DIRECTIONS FOR THIS TASK: In the records below, find the line with "142㎡:横厅面宽5.9米,三卧朝南,适合超级改善需求" and the line with "Everybody takes time". Print both exactly, along with every line between them, and no other line.

RECORDS PROVIDED:
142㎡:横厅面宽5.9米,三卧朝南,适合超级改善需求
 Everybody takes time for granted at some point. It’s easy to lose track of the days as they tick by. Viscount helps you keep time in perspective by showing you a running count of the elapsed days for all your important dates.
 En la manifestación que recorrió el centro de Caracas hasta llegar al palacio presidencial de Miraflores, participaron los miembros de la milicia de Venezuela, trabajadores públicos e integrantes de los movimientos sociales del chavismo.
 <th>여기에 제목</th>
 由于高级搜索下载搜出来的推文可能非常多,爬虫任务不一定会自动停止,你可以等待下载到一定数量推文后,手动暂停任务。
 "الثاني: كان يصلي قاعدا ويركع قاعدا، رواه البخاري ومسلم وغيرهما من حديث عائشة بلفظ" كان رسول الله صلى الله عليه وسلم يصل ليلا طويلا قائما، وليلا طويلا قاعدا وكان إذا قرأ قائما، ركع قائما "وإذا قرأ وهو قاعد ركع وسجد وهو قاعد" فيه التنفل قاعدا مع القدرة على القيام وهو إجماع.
---
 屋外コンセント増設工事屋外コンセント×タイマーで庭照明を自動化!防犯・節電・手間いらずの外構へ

ANSWER TO THE EXERCISE:
142㎡:横厅面宽5.9米,三卧朝南,适合超级改善需求
 Everybody takes time for granted at some point. It’s easy to lose track of the days as they tick by. Viscount helps you keep time in perspective by showing you a running count of the elapsed days for all your important dates.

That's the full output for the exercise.